Re: NFS page states & writeback

Jan Kara <jack@xxxxxxx> · Fri, 25 Mar 2011 23:24:58 +0100

On Fri 25-03-11 15:47:54, Dave Chinner wrote:
> On Fri, Mar 25, 2011 at 02:28:03AM +0100, Jan Kara wrote:
> >   while working on changes to balance_dirty_pages() I was investigating why
> > NFS writeback is *so* bumpy when I do not call writeback_inodes_wb() from
> > balance_dirty_pages(). Take a single dd writing to NFS. What I can
> > see is that we quickly accumulate dirty pages upto limit - ~700 MB on that
> > machine. So flusher thread starts working and in an instant all these ~700
> > MB transition from Dirty state to Writeback state. Then, as server acks
> > writes, Writeback pages slowly change to Unstable pages (at 100 MB/s rate
> > let's say) and then at one moment (commit to server happens) all pages
> > transition from Unstable to Clean state - the cycle begins from the start.
> > 
> > The reason for this behavior seems to be a flaw in the logic in
> > over_bground_thresh() which checks:
> > global_page_state(NR_FILE_DIRTY) +
> >       global_page_state(NR_UNSTABLE_NFS) > background_thresh
> > So at the moment all pages are turned Writeback, flusher thread goes to
> > sleep and doesn't do any background writeback, until we have accumulated
> > enough Stable pages to get over background_thresh.

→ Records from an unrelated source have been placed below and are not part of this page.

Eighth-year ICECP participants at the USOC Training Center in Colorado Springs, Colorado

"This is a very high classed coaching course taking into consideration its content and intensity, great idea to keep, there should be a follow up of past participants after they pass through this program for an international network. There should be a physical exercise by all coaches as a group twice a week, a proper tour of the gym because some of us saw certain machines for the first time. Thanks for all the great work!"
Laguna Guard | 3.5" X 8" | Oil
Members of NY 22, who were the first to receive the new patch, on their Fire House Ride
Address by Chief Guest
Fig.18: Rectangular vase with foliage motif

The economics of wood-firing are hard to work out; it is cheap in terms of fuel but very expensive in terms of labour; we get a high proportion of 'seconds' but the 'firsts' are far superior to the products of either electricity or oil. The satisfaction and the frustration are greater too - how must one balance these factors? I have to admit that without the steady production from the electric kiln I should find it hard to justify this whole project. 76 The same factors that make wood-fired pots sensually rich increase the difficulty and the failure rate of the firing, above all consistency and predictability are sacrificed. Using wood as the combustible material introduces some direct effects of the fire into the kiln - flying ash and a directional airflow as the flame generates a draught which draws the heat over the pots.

But NFS needs to have
> > ->write_inode() called so that it can sent commit requests to the server.
> > So effectively we end up sending commit only when background_thresh Unstable
> > pages have accumulated which creates the bumpyness. Previously this wasn't
> > a problem because balance_dirty_pages() ended up calling ->write_inode()

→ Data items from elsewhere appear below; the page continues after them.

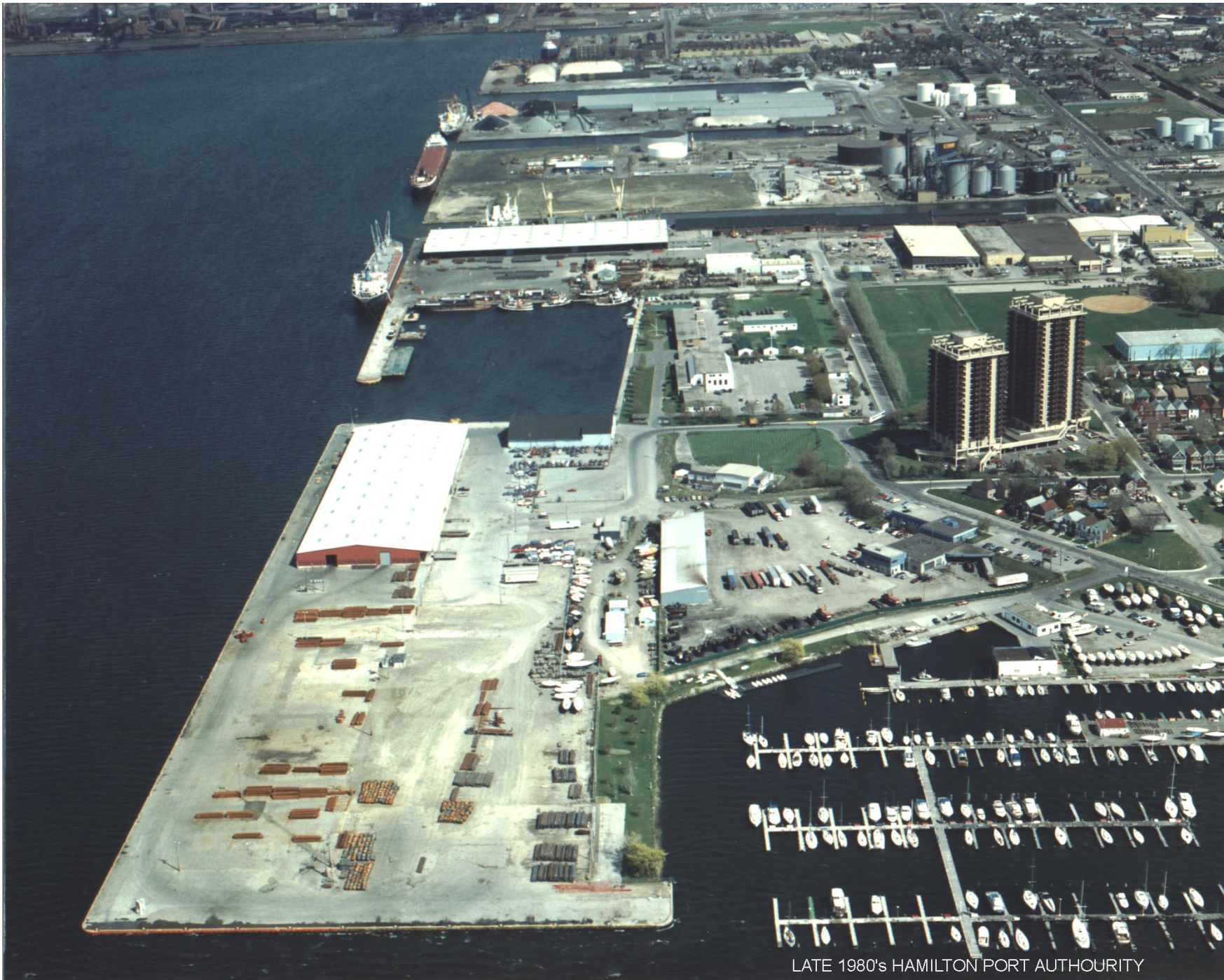
LATE 1980's HAMILTON PORT AUTHORITY
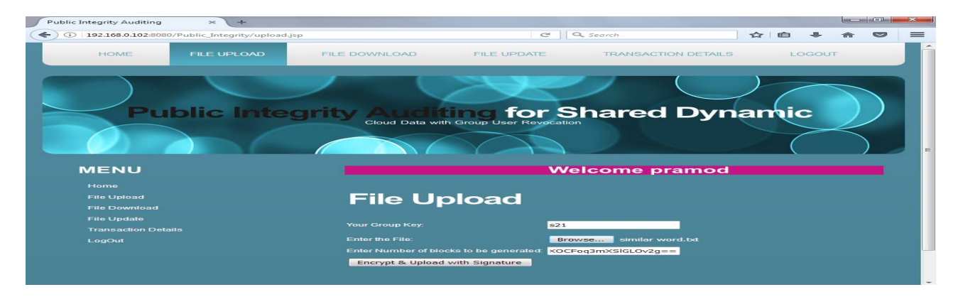
Fig5. File upload

Website: <u>www.ijirset.com</u> Vol. 6, Issue 5, May 2017
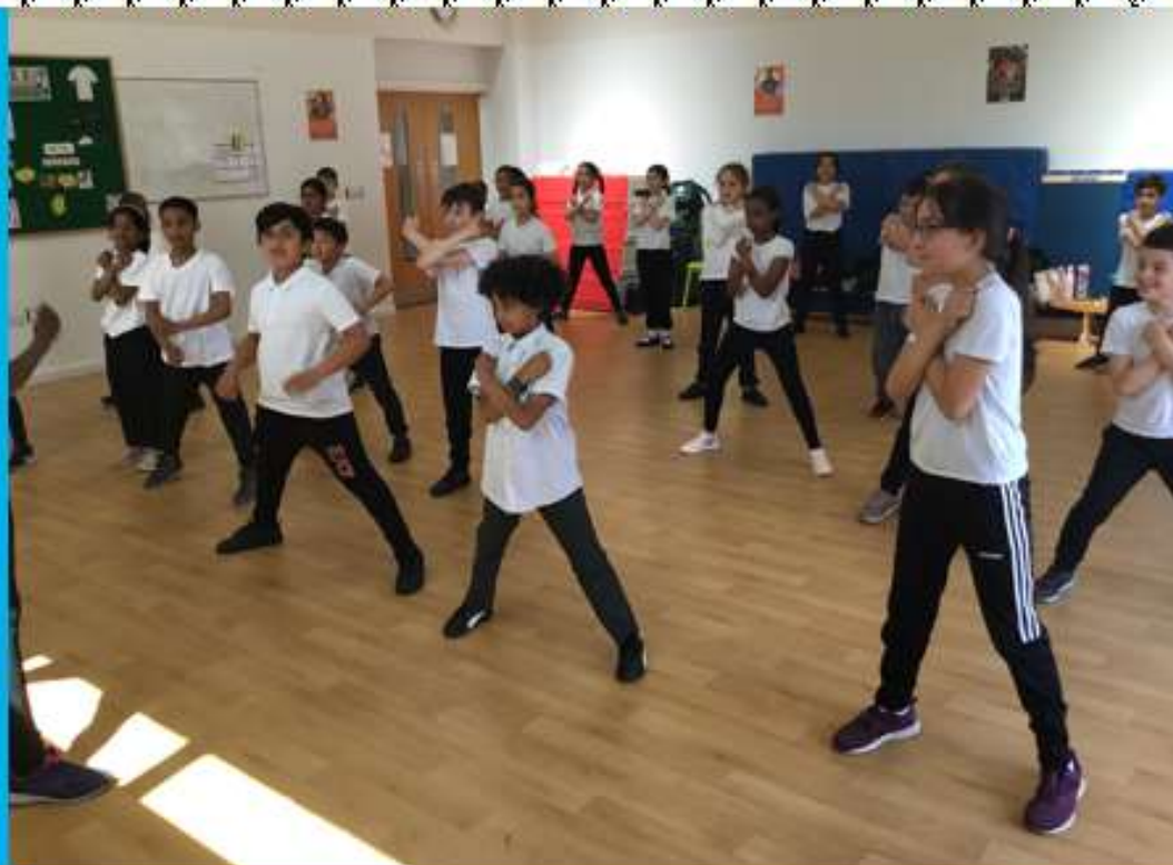
Dances from around the Commonwealth!

> > often enough for NFS to send commit requests reasonably often.
> > 
> > Now I wouldn't write so long email about this if I knew how to cleanly fix
> > the check ;-). One way to "fix" the check would be to add there Writeback
> > pages:
> > NR_FILE_DIRTY + NR_WRITEBACK + NR_UNSTABLE_NFS > background_thresh
> > 
> > This would work in the sense that it would keep flusher thread working but
> > a) for normal filesystems it would be working even if there's potentially
> > nothing to do (or it is not necessary to do anything)

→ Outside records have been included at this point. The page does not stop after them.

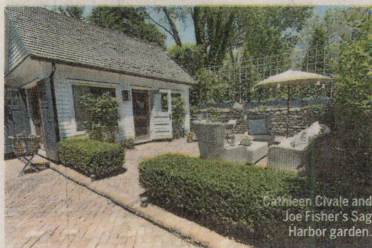
Cathleen Civalé and Joe Fisher's Sag Harbor garden.
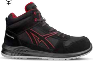
63.870.0 CLIFTON MID S3 SRC Sizes: 36 - 47
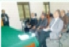
Ms. Aftab Begum, Minister for Forestry, Wildlife & Fisheries, addressing the meeting on Eucalyptus Extension (Language: Punjabi) at Government Building, G-11, Rawalpindi.
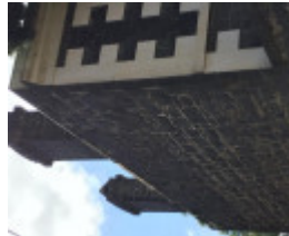
RESIDENCE October 2016
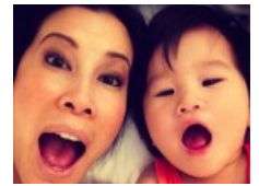
10 Celebs Who Had Babies Later in Life
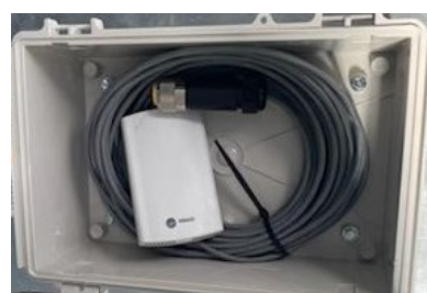
Figure 3. Remote sensor

Note: Remote sensor is required for proper control when introducing outdoor air through the return connections.
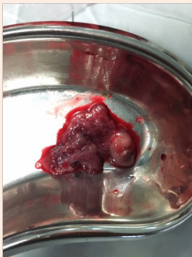
Figure 3: Specimen following procedure.
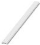
Zack Marker strip, flat, Strip, white, unlabeled, can be labeled with: CMS-P1-PLOTTER, PLOTMARK, mounting type: snap into flat marker groove, for terminal block width: 10 mm, lettering field size: 5.15 x 10 mm, Number of individual labels: 10

Zack Marker strip, flat - ZBF10:UNBEDRUCKT - 0809997
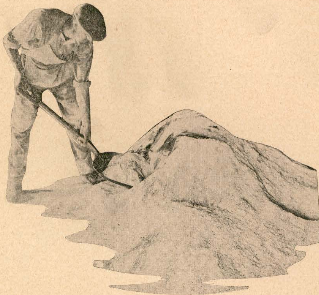
FIG. 2.—The dry-mash ingredients can be well mixed by turning them over on the floor about four times. Whether to buy prepared feeds or mix rations at home is a question of cost, quality, and convenience. Figure the cost of the ingredients in the ration, add a reasonable charge for mixing, and then compare the price of home-mixed feeds with commercial feeds.

feeds, tho the proportions of these varied depending on the season of the year. The pounds of feed required to produce a pound of egg were 4.6 for the general purpose breeds and 3.5 for the Leghorns.
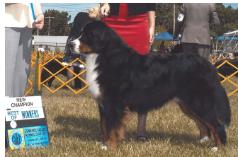
CH ARUNDEL'S STROKE OF LUCK V NASHEM WS41733504 | 2012 - 2019 | BG#94379 OFA/H-G OFA/EL EYES CARD vWD DM

> > b) NFS is picky when it sends commit requests (inode has to have more
> > Stable pages than Writeback pages if I'm reading the code in
> > nfs_commit_unstable_pages() right) so flusher thread may be working but
> > nothing really happens until enough stable pages accumulate.
> > 
> > A check which kind of works but looks a bit hacky and is not perfect when
> > there are multiple files is:
> > NR_FILE_DIRTY + NR_UNSTABLE_NFS > background_thresh ||
> > NR_UNSTABLE_NFS > NR_WRITEBACK (to match what NFS does)
> > 
> > Any better idea for a fix?
> 
> Have NFS account for it's writeback pages to also be accounted as
> NR_UNSTABLE_NFS pages? i.e. rather than incrementing NR_UNSTABLE_NFS
> at the writeback->unstable transition, account it at the
> dirty->writeback transition....
Thanks for idea. I was thinking about this but I'm not sure accounting
writeback pages in unstable as you propose is what we want to do. It would
make flusher thread realize that there is more writeback needed but in fact
we would have to wait until pages transition from writeback state to be
able to do any progress. It could be mitigated by inserting a delay in
writeback loop as Fengguang proposes but still it seems a bit hacky.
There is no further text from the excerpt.